▶ [What to produce]: Among the entries below, the lines from the one with "The 20qt Patriot" up to and including the one with "Tuer h l deformiert, Seitenwand" are to be restated exactly, without pictures.

▶ [Exercise input]:
>>>>

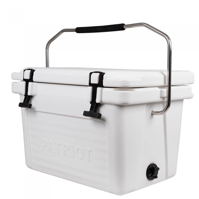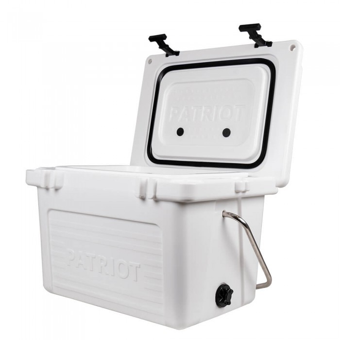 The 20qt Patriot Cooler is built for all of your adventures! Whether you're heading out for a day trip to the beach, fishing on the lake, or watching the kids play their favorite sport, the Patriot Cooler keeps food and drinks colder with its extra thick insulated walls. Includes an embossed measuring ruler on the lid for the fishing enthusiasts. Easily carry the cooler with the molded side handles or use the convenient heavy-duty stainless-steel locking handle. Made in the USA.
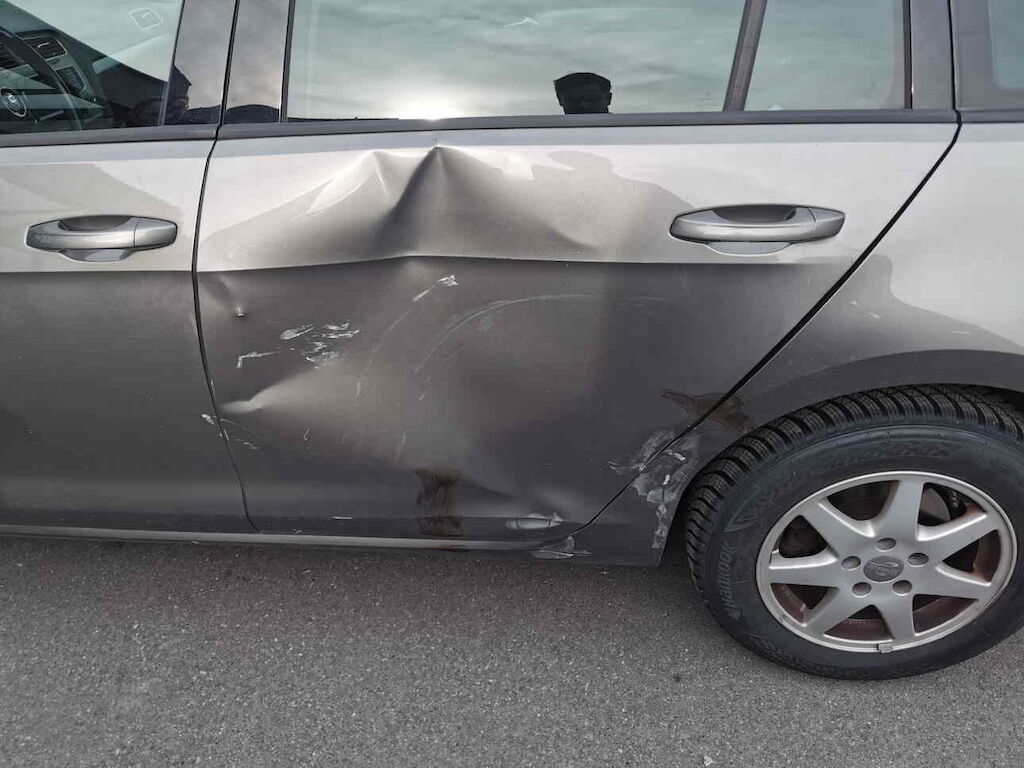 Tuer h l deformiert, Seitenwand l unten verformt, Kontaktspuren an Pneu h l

<<<<
>>>>

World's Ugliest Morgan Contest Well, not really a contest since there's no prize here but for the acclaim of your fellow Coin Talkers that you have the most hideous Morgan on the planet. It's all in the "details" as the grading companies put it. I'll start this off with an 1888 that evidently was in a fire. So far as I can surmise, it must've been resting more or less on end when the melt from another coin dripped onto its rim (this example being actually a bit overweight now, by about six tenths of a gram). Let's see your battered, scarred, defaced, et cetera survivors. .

<<<<

▶ [Finished exercise]:
 The 20qt Patriot Cooler is built for all of your adventures! Whether you're heading out for a day trip to the beach, fishing on the lake, or watching the kids play their favorite sport, the Patriot Cooler keeps food and drinks colder with its extra thick insulated walls. Includes an embossed measuring ruler on the lid for the fishing enthusiasts. Easily carry the cooler with the molded side handles or use the convenient heavy-duty stainless-steel locking handle. Made in the USA.
 Tuer h l deformiert, Seitenwand l unten verformt, Kontaktspuren an Pneu h l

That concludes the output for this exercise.